Il covid e gli italiani: la situazione dei cittadini fra previsioni e psicosi collettive

la pandemia di coronavirus ha causato una psicosi collettiva mai vista prima e superata la fase dell'emergenza bisognerà occuparsi degli aspetti psicologici e del supporto che dev'essere dato per l'effetto del trauma che la paura e l'isolamento sociale che il covid-19 ha prodotto nel vivere di tutti i giorni

La “fase 2” è appena cominciata, e le previsioni su quello che ci attenderà nei prossimi mesi cambiano di giorno in giorno. Dopo la caotica, inarrestabile serie di ipotesi e teorie sul Covid da parte di virologi e scienziati durante questi mesi, in Italia non è ancora possibile comprendere “che ne sarà di noi”, ovvero cosa potrebbe accadere o meno se la curva dei contagi (per esempio) riprendesse improvvisamente a salire.

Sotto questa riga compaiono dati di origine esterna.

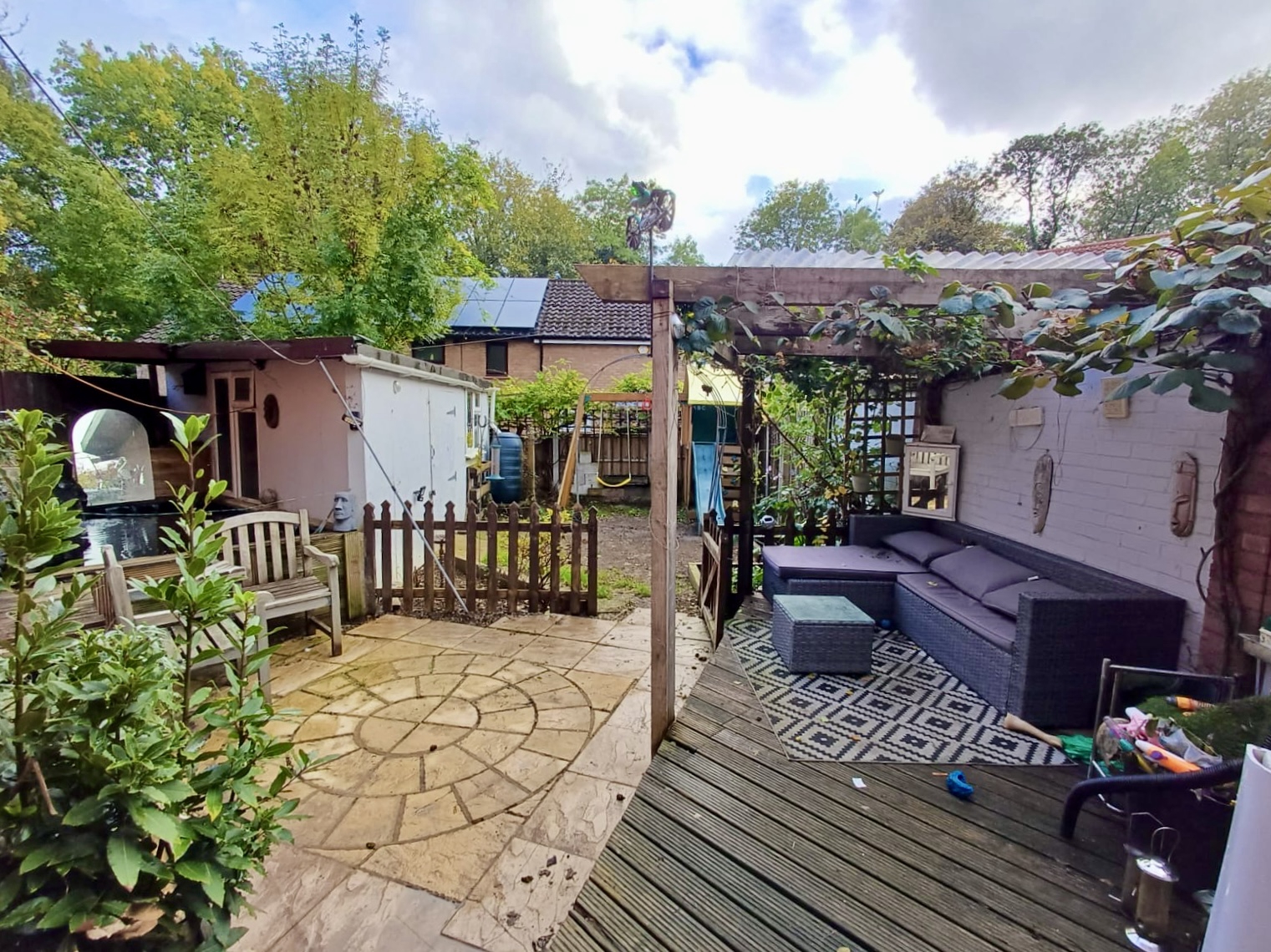 Fully enclosed with fence and wall with side gated access. Timber decked searing area with part covered pergola. Paved patio area. Well stocked borders. Lawn area.

Quel che è certo è che, passate le incertezze sulla definizione dei sempre più controversi “congiunti”, gli italiani hanno recuperato un briciolo di normalità iniziando a rifrequentare i parchi e i luoghi pubblici, tutti più o meno provvisti di mascherini e guanti.
I più prudenti (quasi sempre di una certa età), hanno scelto addirittura di prolungare la permanenza a casa, o magari di accogliere figli e nipoti mantenendo una certa distanza di sicurezza e indossando in ogni caso la mascherina.
Prudenza o meno, è indubbio che il numero dei contagi sia in costante decrescita, persino in Lombardia.
Il Ministero della Salute ha comunque confermato l’intenzione di procedere con un’apertura differenziata per regioni a partire dal 18 maggio.

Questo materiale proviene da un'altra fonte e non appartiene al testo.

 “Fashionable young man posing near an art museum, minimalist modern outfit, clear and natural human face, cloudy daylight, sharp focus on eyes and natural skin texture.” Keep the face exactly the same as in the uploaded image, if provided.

Sappiamo infatti che i territori con un numero oltre modo esiguo di contagi (come la Basilicata, di recente tornata “Covid-Free” o la Calabria), hanno ritenuto esagerate le attuali misure di sicurezza, nonché lesive per quanto riguarda il drammatico bilancio economico di questi due mesi e l’impatto psicologico assolutamente negativo che sta avendo sui cittadini italiani.
A tal riguardo sarebbe stato più opportuno chiudere i confini fra le regioni, permettendo solo ai fuori sede di fare ritorno a casa (previo tampone) e concedendo piena autonomia ai singoli presidenti delle stesse regioni in merito a cosa riaprire e a come farlo. In questo modo, oltre tutto, la pressione psicologica sugli italiani che giustamente si preoccupano per il loro futuro economico e lavorativo sarebbe stata già ridotta in modo notevole.

 

L’impatto della psicosi da Covid

Si parla da mesi ormai in modo quotidiano dell’impatto del covid sulla nostra popolazione a livello di contagi e guarigioni, quasi per nulla della psicosi che è stato capace di generare in questo periodo.
Buona parte degli italiani è infatti convinta dell’impossibilità di eliminare l’emergenza senza un vaccino, pertanto di dover rimanere in questa situazione addirittura per anni.
A loro avviso dunque nel prossimo futuro sarebbe quanto meno necessaria l’ormai famigerata “app” analoga a quella adoperata in Cina (per altro incostituzionale nel nostro paese, dato il diritto alla privacy) necessaria per individuare i soggetti contagiati.

L’ansia e l’angoscia per l’estrema precarietà del momento che i vari popoli e gli italiani in modo particolare – specie i cittadini in solitudine o in estrema difficoltà economica per la mancanza di un impiego – devono affrontare sono, secondo il direttore generale dell’Organizzazione mondiale della Sanità Tedros Adhanom Ghebreyesus, vere e proprie piaghe sociali di cui si dovrebbe tener conto con delle adeguate misure sanitarie, potenziando i reparti psichiatrici soprattutto in vista dei prossimi mesi.

 

Le reazioni all’insegna della paura

A ciò si sono aggiunti i comportamenti legati a un’eccessiva problematizzazione della realtà rispetto al futuro: eppure, per evitare il contagio del covid basterebbe indossare sempre la giusta mascherina nei luoghi pubblici e mantenere una certa distanza di sicurezza dagli estranei, ma sembra che tali regole del nostro nuovo “modus vivendi” siano state trasformate in qualcosa di imprescindibile anche fra parenti e amici. Persone, insomma, con cui prima o poi avremo comunque contatti liberi da barriere di qualsiasi tipo, e che possiamo definire sane se a loro volta hanno osservato le nuove norme sociali.
Dunque la prudenza non è mai troppa, è vero, ma è altrettanto vero che una convivenza con il virus potrà essere davvero possibile solo se avverrà in relazione al benessere bio-psico-sociale dei cittadini, i quali vivono soprattutto di lavoro e giuste relazioni affettive.